In the domain of defect detection in industrial settings, Chern et al. (2025) [1137] utilized t-SNE for visualizing metal defect classification in deep learning models, improving interpretability in YOLO-based defect detection frameworks. Their study showed how t-SNE enhances the understanding of feature similarities among defect classes, leading to more refined model improvements. A similar approach was adopted by Li et al. (2025) [1138] in the field of food safety, where t-SNE was applied to olfactory sensor data to analyze aflatoxin B1 contamination in wheat. By employing t-SNE for dimensionality reduction, the researchers effectively visualized sensor response variations, demonstrating the method’s utility in complex chemical data analysis. In another domain, Singh and Singh (2025) [1139] developed a hybrid approach for medical image retrieval by integrating deep learning features with t-SNE. Their method showed that t-SNE enhances feature clustering, thereby improving the accuracy and efficiency of gastric image retrieval systems, which is particularly beneficial in computer-aided diagnosis applications.
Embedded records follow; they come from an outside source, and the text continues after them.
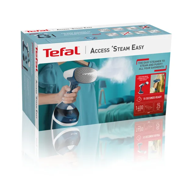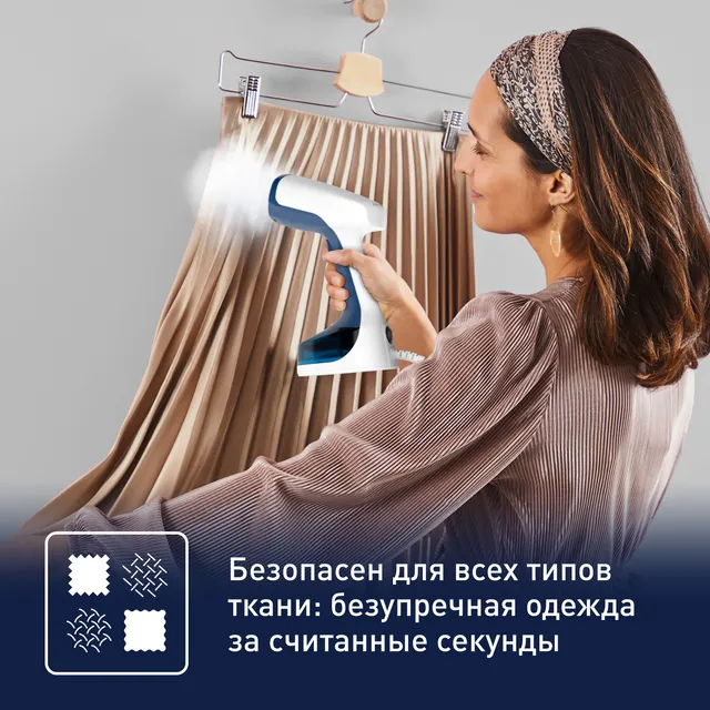 Отпариватель Access Steam Easy идеально подходит для быстрого и качественного ухода за вещами. Его мощности 1400 Вт и подачи пара 25 г/мин достаточно для эффективного разглаживания складок, позволяя одновременно освежать и дезинфицировать* одежду. Вы точно успеете вовремя: отпариватель готов к работе всего через 15 секунд после включения. Отпаривание, очистка и дезинфекция – обеспечьте комплексный уход за вещами всего в несколько движений.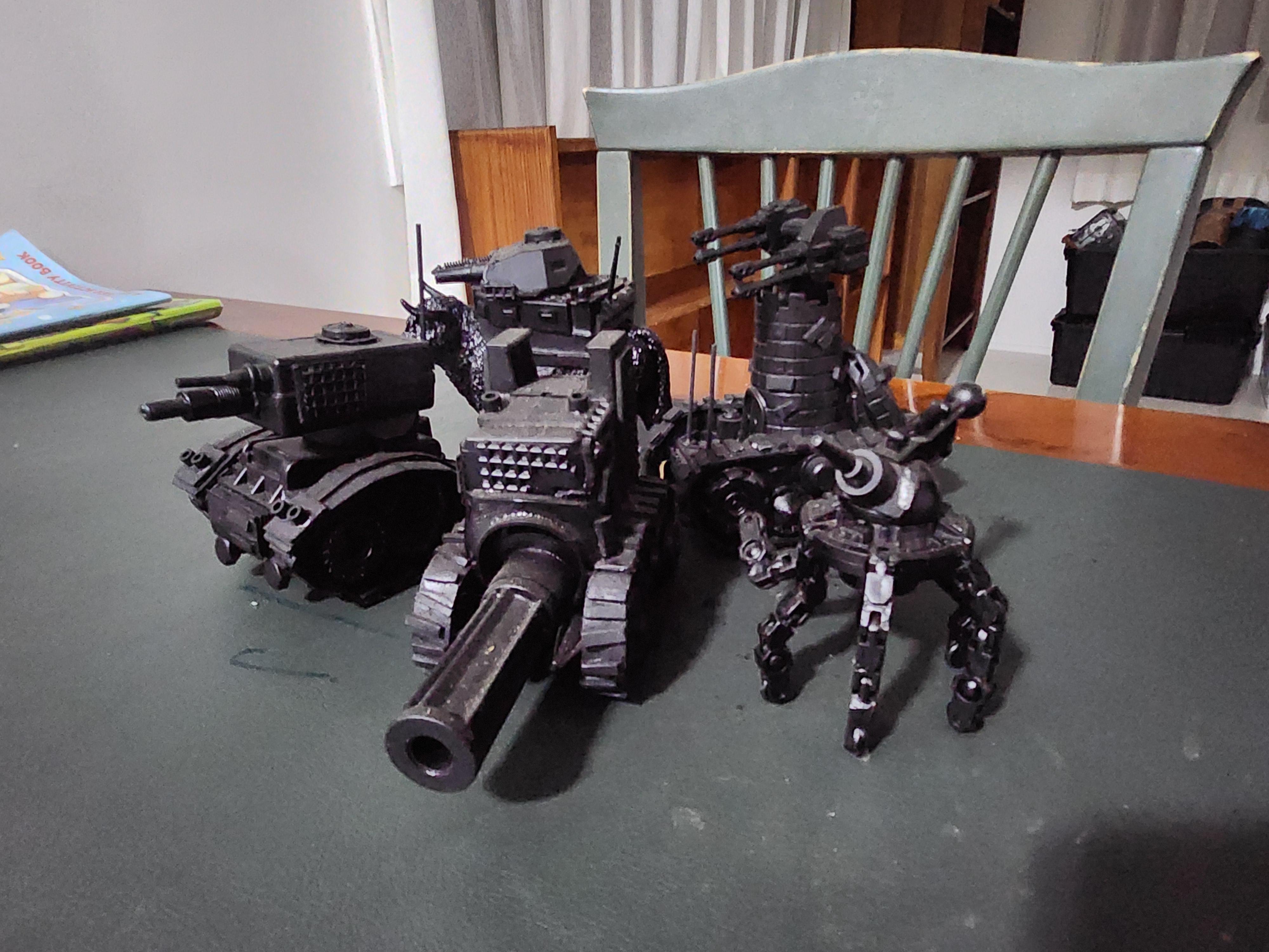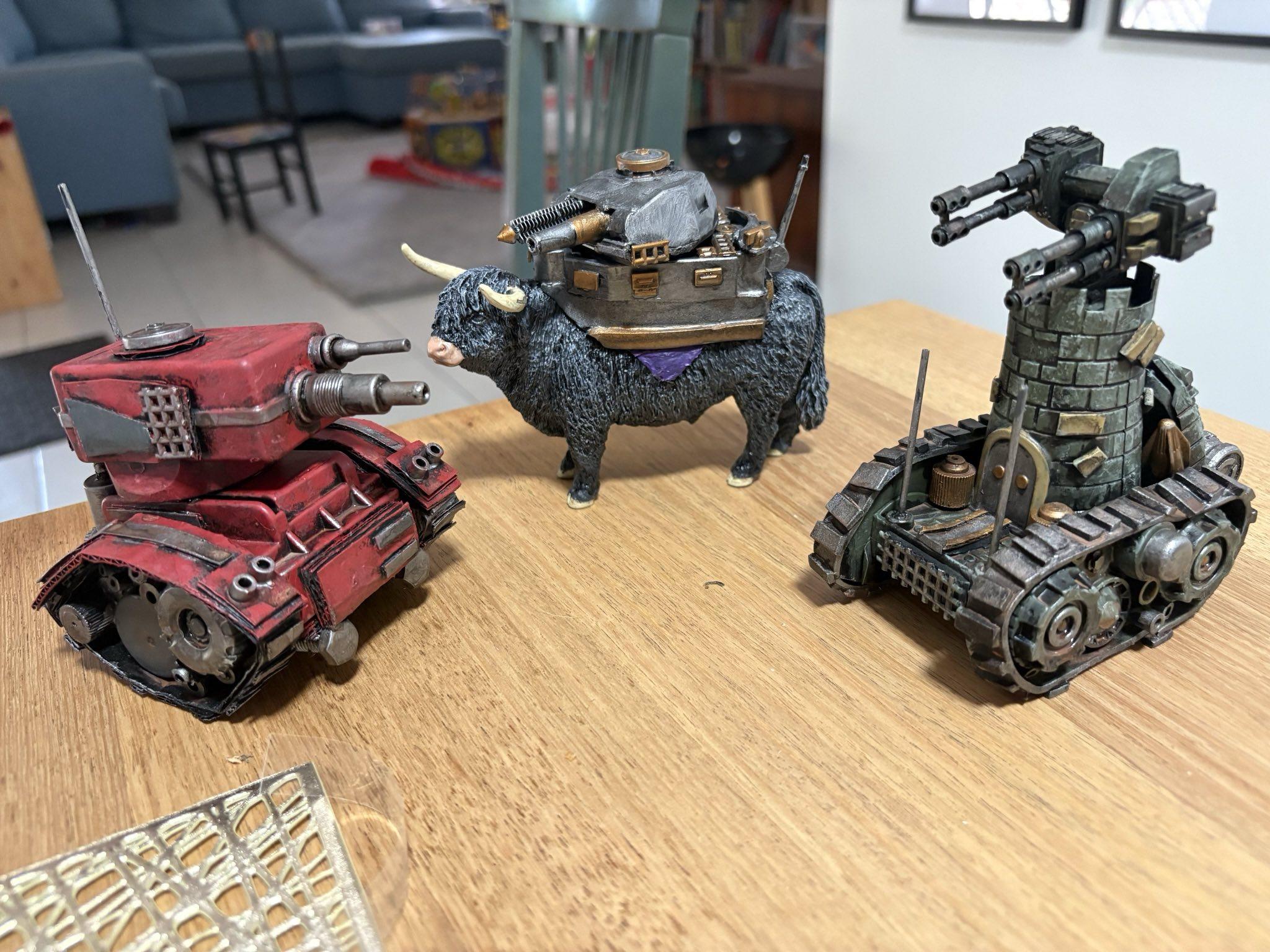 I've made (mooed) some progress too, with some base coats (cowts) and washes and a bit of messy (moossy) drybrushing. I'm pretty confident (cownfident) I'll get these three done before New Years ( Moo Years) - just need another hour or two - I'm not paying too much attention to detail and the grunginess kinda (cownda) plays into the whole TONKS aesthetic. Happy with this output in amongst the chaos (cowos) of the last few days ( moo days)!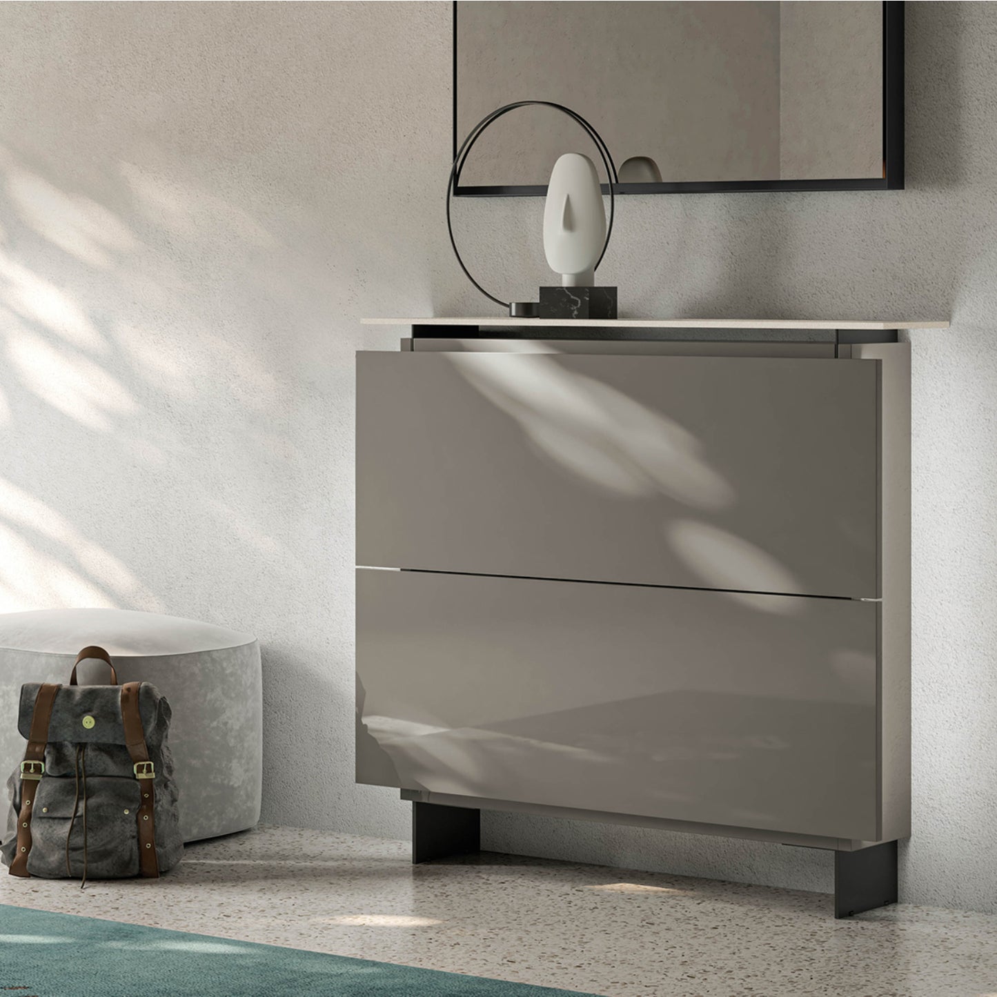 The Hosoi Floor Standing shoe storage by Birex effortlessly blends functionality with sophisticated design. Its minimalist aesthetic is accentuated by a ceramic marble top, available in a variety of colours, adding a touch of luxury to your space. The lacquered door, featuring an integrated side handle, not only contributes to the unit's elegant appearance but also ensures easy access to your shoe collection.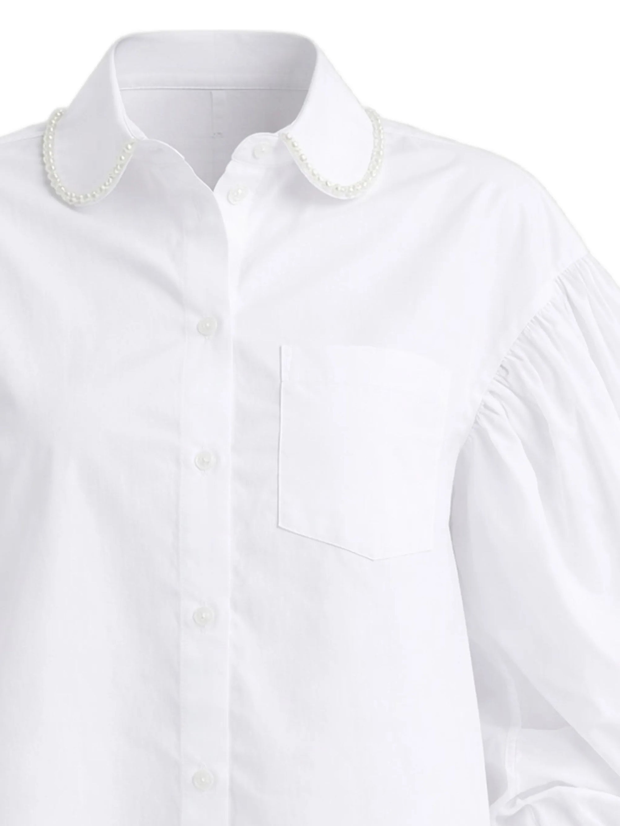 Simone Rocha’s white boxy draped sleeve round collar shirt offers a refined take on everyday tailoring. Designed in a boxy fit, it features a round collar with subtle pearl embellishment, a chest patch pocket, and a clean front button fastening. Draped sleeves add soft volume and movement, giving the piece a modern, romantic edge. Wear it with tailored trousers or a soft skirt for an elevated daytime look — available at our Lisbon store.

Sun et al. (2025) [1142] explored the application of t-SNE in biomechanics, specifically in detecting muscle fatigue during lower limb isometric contraction tasks. Their study employed t-SNE to reduce the dimensionality of electromyography (EMG) data before applying machine learning-based classification, leading to improved performance in fatigue detection models. Meanwhile, Su et al. (2025) [1143] incorporated t-SNE into seismic fragility analysis for earth-rock dams, integrating it within a deep residual shrinkage network to enhance predictive accuracy. Their research illustrated how t-SNE, when combined with deep learning techniques, can refine the interpretation of heterogeneous material behavior under seismic loading conditions. In the biomedical domain, Yousif and Al-Sarray (2025) [1144] integrated t-SNE with spectral clustering via convex optimization to enhance breast cancer gene classification. Their work established that this combination yields superior clustering performance compared to conventional methods, contributing significantly to genomics research and precision medicine.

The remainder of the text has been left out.